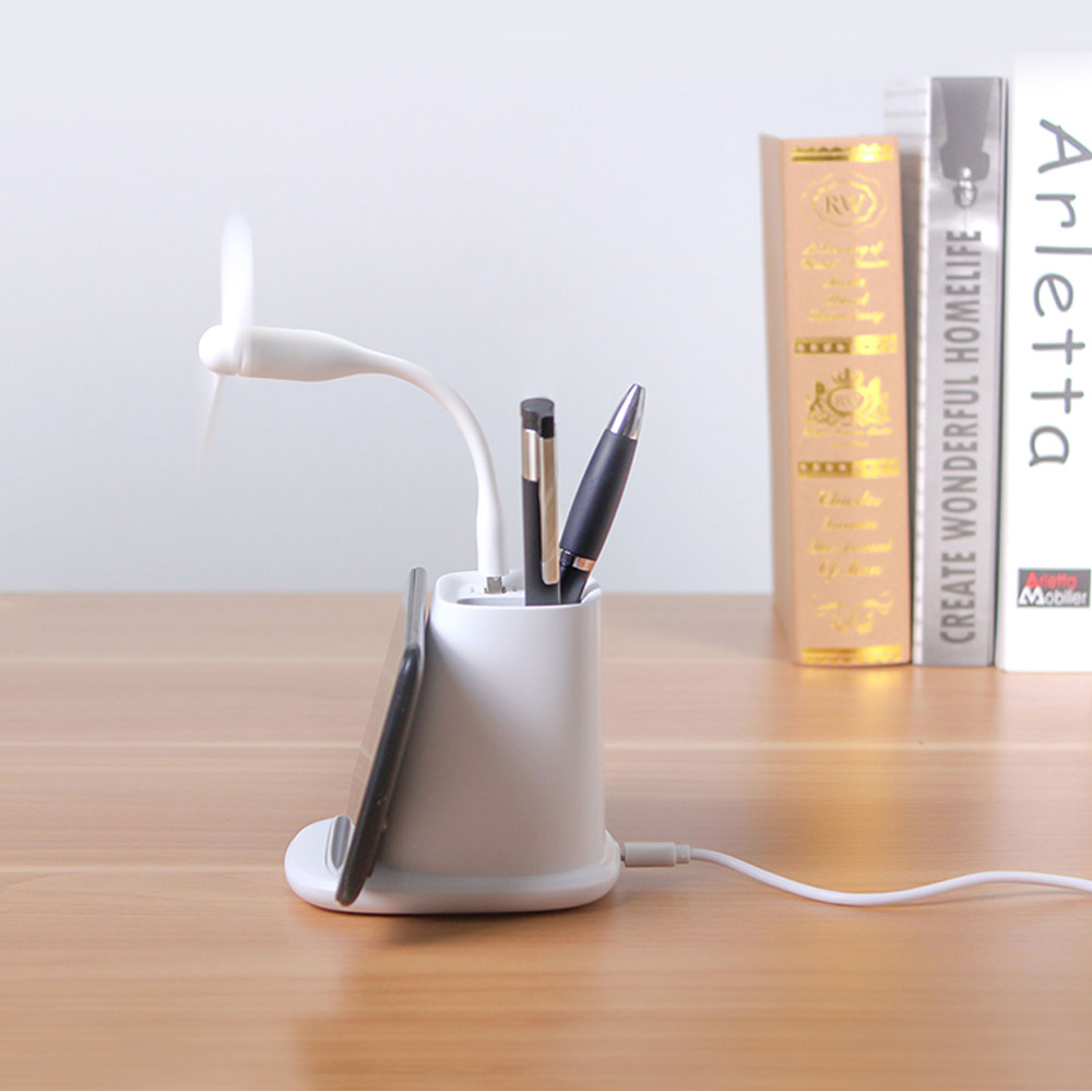 - Если вы ищите промосувенир, который на 100% будет долгие годы напоминать о вашем бренде, то Настольный органайзер Limerick – отличная идея. Благодаря данному подарку, его получатель организует свое рабочее пространство, сможет заряжать свой телефон при помощи беспроводной зарядки, а летний жаркий день немного освежиться благодаря вентилятору в комплекте. Комплекталия: кабель Type C, инструкция на русском языке, вентилятор, фонарик. Электропитание: 5V/2A. Выход: Бепроводная зарядка - 5w, USB - 5V/2A(Max).
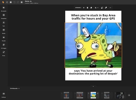 Now, just wait for a few seconds while the AI of Simplified generates the memes for you that are tailored based on your inputs. Click on the ‘Export’ button towards the top right of the workspace to save the meme image or video format including GIF. Additionally, you can use the tools in the left-side panel to customize the meme if required.
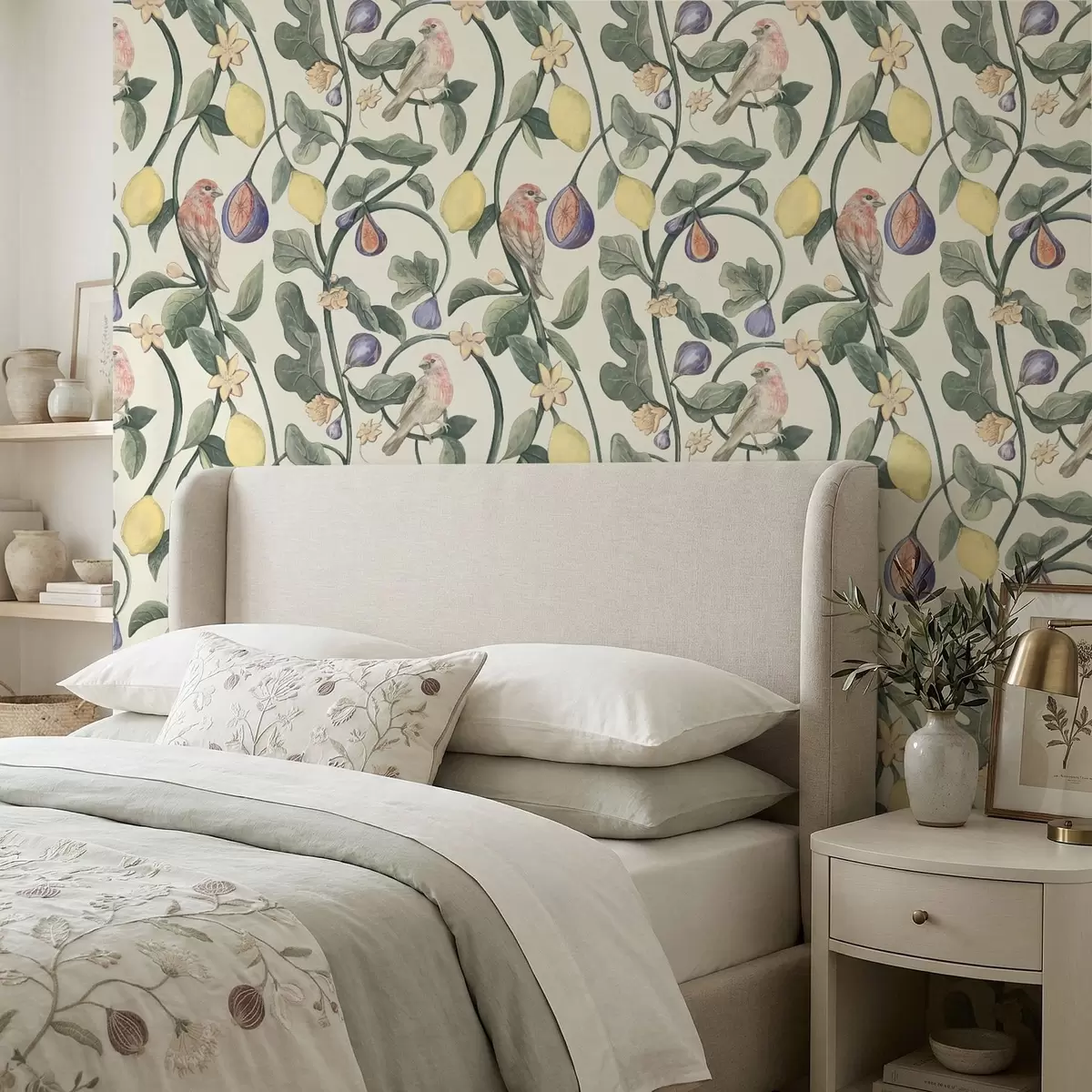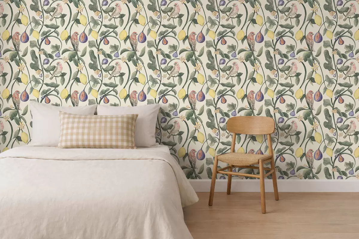 Papel tapiz Pájaros entre hojas y frutos Nr. a01107
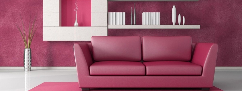 Если вы хотите иметь розовые стены, то можно выбрать только одну из них. Помните, что разноцветная стена в теплых тонах всегда будет казаться ближе, чем есть на самом деле. Поэтому выбирайте более меньшую поверхность в гостиной. Также было бы идеально, если поверхность будет освещена естественным светом, то есть рядом с большим окном.
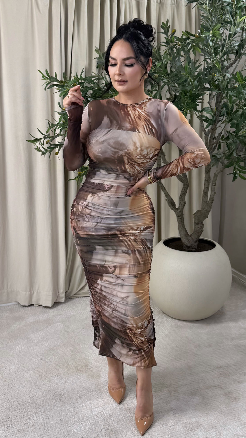 round neck long sleeve ruched marble printed midi dress

▸ EXERCISE PROMPT: What is wanted is a word-for-word restatement of the entries, without their images.

▸ ANSWER SPACE:
 - Если вы ищите промосувенир, который на 100% будет долгие годы напоминать о вашем бренде, то Настольный органайзер Limerick – отличная идея. Благодаря данному подарку, его получатель организует свое рабочее пространство, сможет заряжать свой телефон при помощи беспроводной зарядки, а летний жаркий день немного освежиться благодаря вентилятору в комплекте. Комплекталия: кабель Type C, инструкция на русском языке, вентилятор, фонарик. Электропитание: 5V/2A. Выход: Бепроводная зарядка - 5w, USB - 5V/2A(Max).
 Now, just wait for a few seconds while the AI of Simplified generates the memes for you that are tailored based on your inputs. Click on the ‘Export’ button towards the top right of the workspace to save the meme image or video format including GIF. Additionally, you can use the tools in the left-side panel to customize the meme if required.
 Papel tapiz Pájaros entre hojas y frutos Nr. a01107
 Если вы хотите иметь розовые стены, то можно выбрать только одну из них. Помните, что разноцветная стена в теплых тонах всегда будет казаться ближе, чем есть на самом деле. Поэтому выбирайте более меньшую поверхность в гостиной. Также было бы идеально, если поверхность будет освещена естественным светом, то есть рядом с большим окном.
 round neck long sleeve ruched marble printed midi dress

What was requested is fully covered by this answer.